Serena Software Inc.
- Type: Subsidiary
- Industry: Computer software, Application lifecycle management, IT management
- Founded: 1980; 46 years ago
- Founder: Doug Troxel
- Headquarters: San Mateo, California, U.S.
- Key people: Greg Hughes (CEO)
- Revenue: US$219 million (2012)
- Number of employees: 400+
- Parent: OpenText
- Website: www.serena.com

= Serena Software =

American software company

Serena Software Inc. is an American software company that provides IT management products to enterprises. Serena solutions offer a process orchestration approach and span the areas of development, DevOps and IT management.
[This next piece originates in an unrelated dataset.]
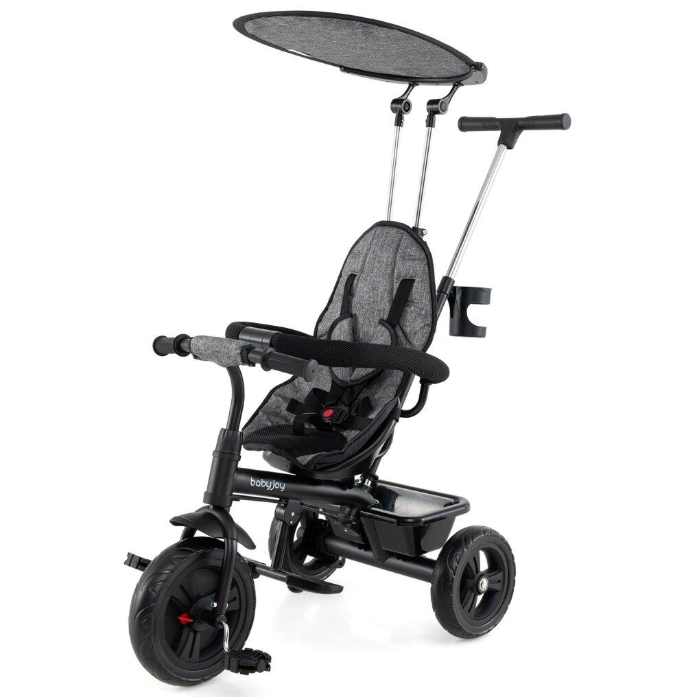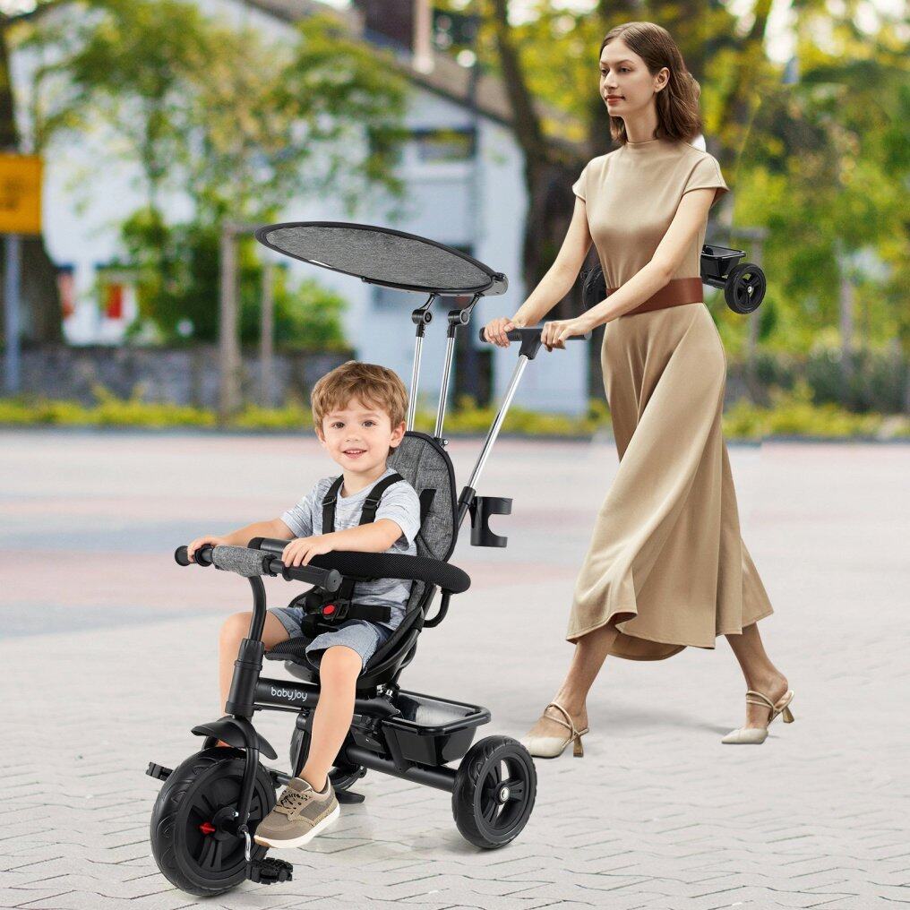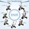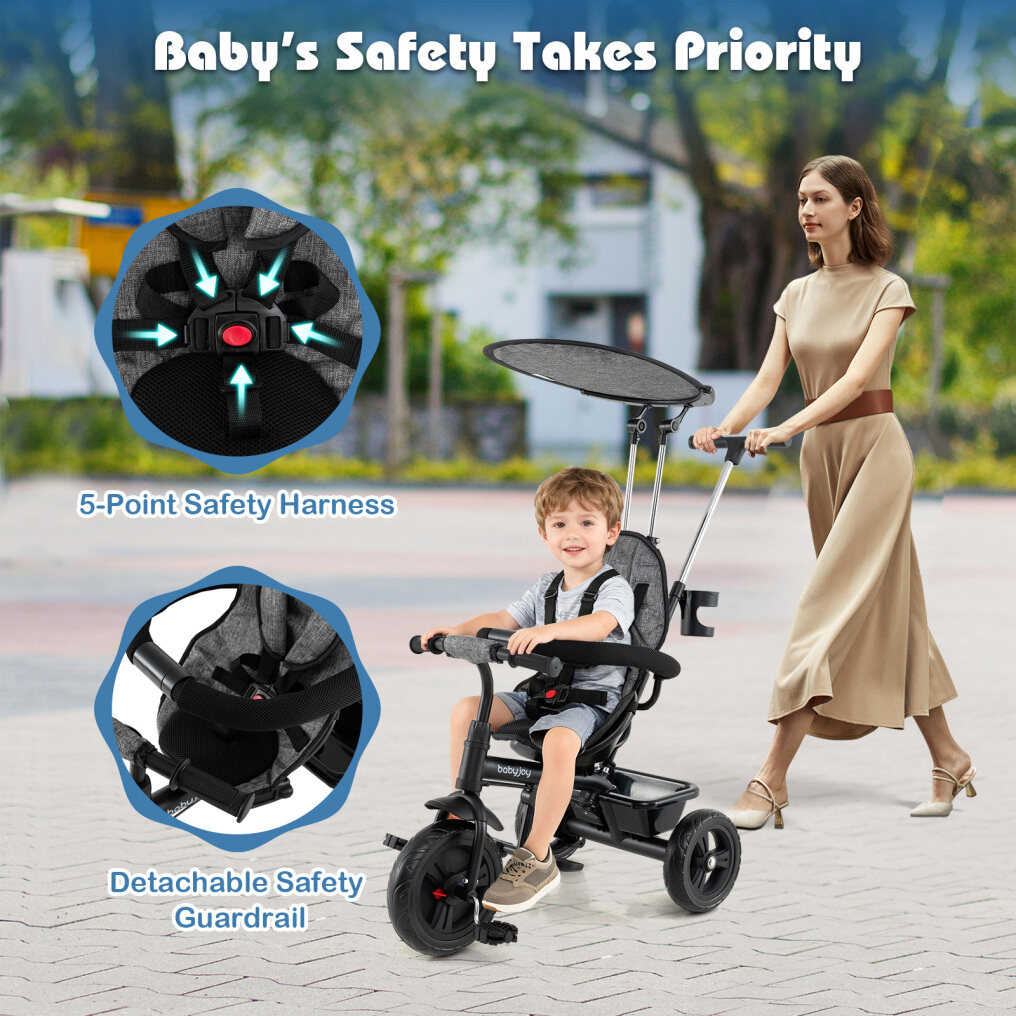 ● 7-in-1 Convertible Design: This versatile 7-in-1 push tricycle evolves alongside your growing child, featuring a detachable canopy, parent handle, backrest, guardrail, and safety harness. Supporting up to 55 lbs, the baby tricycle serves as a reliable companion for children between 9 and 60 months old.

Serena is headquartered in Silicon Valley, California and has 400+ employees. The company became a subsidiary of the British software and information company Micro Focus in 2016. In 2023, Micro Focus (including Serena Software) was acquired by Canadian software company OpenText and remain a subsidiary.

==History==
Serena Software acquired Merant Software in 2004 which provided Serena ownership rights to Polytron Version Control System (PVCS).

In May 2004, Serena announced it would acquire TeamShare, producers of the defect management system TeamTrack. This later became Serena Business Mashups (SBM), which was shortly renamed Serena Business Manager.

In November 2005, Serena Software announced that it had agreed to be acquired by Silver Lake Partners in a leveraged buyout transaction. The buyout was announced at a price of per share in cash, and the transaction occurred in 2006. Following the transaction, Silver Lake, a technology focused private equity firm acquired about 70% of the Serena stock. The Silver Lake Partners acquisition resulted in no immediate changes to the executive management team and daily operations continued much as they had before.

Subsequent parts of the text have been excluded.